Pi0 and Pi0.5 Model Fine-tuning: Physical Intelligence Open Source Robotics Learning Platform
Pi0 and Pi0.5 are industry-leading Vision-Language-Action (VLA) model series developed by the Physical Intelligence team. These models are pre-trained on large-scale robotic data and can quickly adapt to specific robotic tasks and application scenarios through fine-tuning.
This guide is based on the official OpenPI framework from Physical Intelligence, providing detailed instructions on how to efficiently fine-tune pre-trained Pi0/Pi0.5 models on custom datasets.
Model Series Overview
The OpenPI repository currently provides three types of models:
Model Type | Description | Features | Use Cases |
---|---|---|---|
π₀ (Pi0) | Flow-matching based Vision-Language-Action model | Flow-based generation, high-quality action prediction | Complex manipulation tasks, high precision requirements |
π₀-FAST | Autoregressive VLA based on FAST action tokenizer | Autoregressive generation, fast inference | Real-time control, low latency requirements |
π₀.₅ (Pi0.5) | Upgraded version of π₀ with better open-world generalization | Knowledge-isolated training, enhanced generalization | Diverse environments, cross-domain applications |
Note: All models are pre-trained on 10,000+ hours of robotic data, providing base model checkpoints for fine-tuning.
Prerequisites and Environment Setup
System Requirements
Minimum Configuration:
- Python 3.11+ (recommended to use uv package manager)
- GPU: NVIDIA GPU required for training (recommended A100/H100)
- Memory: 32GB+ system RAM
- Storage: 100GB+ available disk space
Recommended Configuration:
- Hardware: NVIDIA A100/H100 or multi-GPU setup
- Storage: NVMe SSD solid-state drive
- Network: Stable network connection for model and data downloads
Environment Installation and Configuration
Using uv Package Manager (Recommended)
# Clone OpenPI official repository
git clone https://github.com/Physical-Intelligence/openpi.git
cd openpi
# Install dependencies using uv (automatically creates virtual environment)
uv sync
# Verify installation
uv run python -c "from openpi.policies import policy_config; print('OpenPI environment configured successfully!')"

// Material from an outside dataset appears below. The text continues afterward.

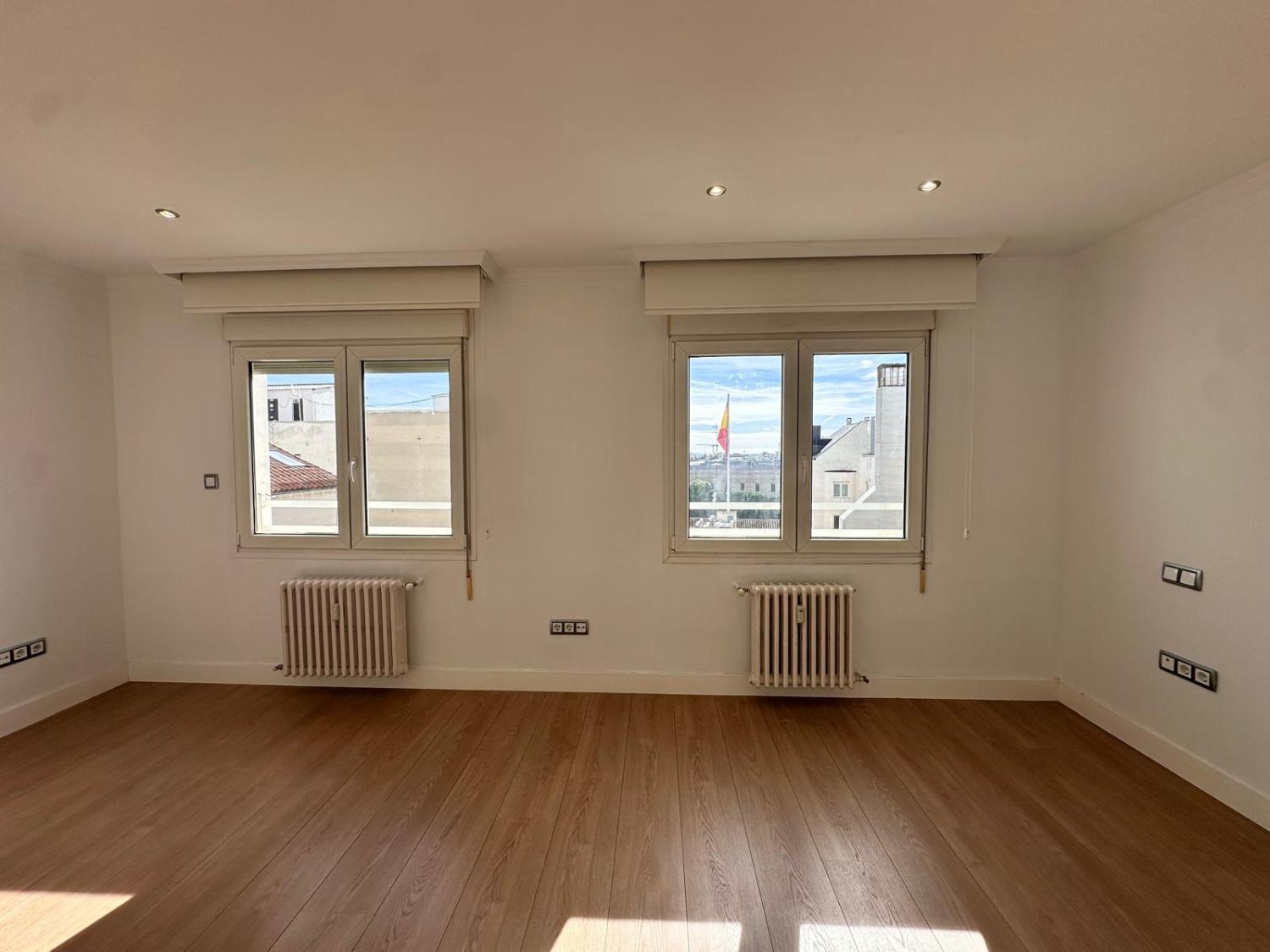 Magnífico piso completamente exterior en la mejor zona de Recoletos, en muy buen edificio con portero y garaje de acceso directo. Se accede a través de un hall de muy buen tamaño que da paso a un despacho independiente así como a un salón - comedor muy amplio. Ambos espacios tienen salida independiente sobre una maravillosa terraza principal, de 45 metros cuadrados con orientación norte y oeste. Tras el salón - comedor, se accede a la cocina, independiente,

Traditional pip Installation
# Clone repository
git clone https://github.com/Physical-Intelligence/openpi.git
cd openpi
# Create virtual environment
python -m venv venv
source venv/bin/activate # Linux/macOS
# or venv\Scripts\activate # Windows
# Install dependencies
pip install -e .
# Verify installation
python -c "from openpi.policies import policy_config; print('OpenPI environment configured successfully!')"
Dataset Preparation
Using IO Platform for Data Export
The IO Data Platform provides complete data export functionality, allowing one-click export of annotated data to LeRobot format supported by OpenPI:
Export Process:
- Select Export Format: Choose LeRobot or HDF5 format export in the IO platform
- Filter Data: Filter required data based on project, time, quality level, and other dimensions
- Batch Export: Support batch export processing for large-scale datasets
- Format Conversion: Convert exported data to LeRobot format required by OpenPI
Data Format Requirements
OpenPI supports multiple data formats. Datasets need to include:
- Observation Data: Images, state information, etc.
- Action Data: Action sequences executed by the robot
- Language Instructions: Task descriptions (optional, for language-conditioned tasks)
Dataset Configuration
OpenPI uses configuration files to define datasets and training parameters. You need to:
- Create Dataset Configuration: Define data paths, formats, etc. in configuration files
- Data Preprocessing: Compute normalization statistics
- Validate Data: Ensure data format is correct
# Compute normalization statistics for dataset (required step)
uv run scripts/compute_norm_stats.py <config_name>
# Example: Compute statistics for custom configuration
uv run scripts/compute_norm_stats.py my_custom_config
Supported Data Formats
OpenPI supports various robotic data formats, including:
- HuggingFace Datasets
- LeRobot Format Data
- HDF5 Format Data
- Data exported from IO Platform (supported through format conversion)
Model Training Practice
Using IO Platform for Training (Recommended)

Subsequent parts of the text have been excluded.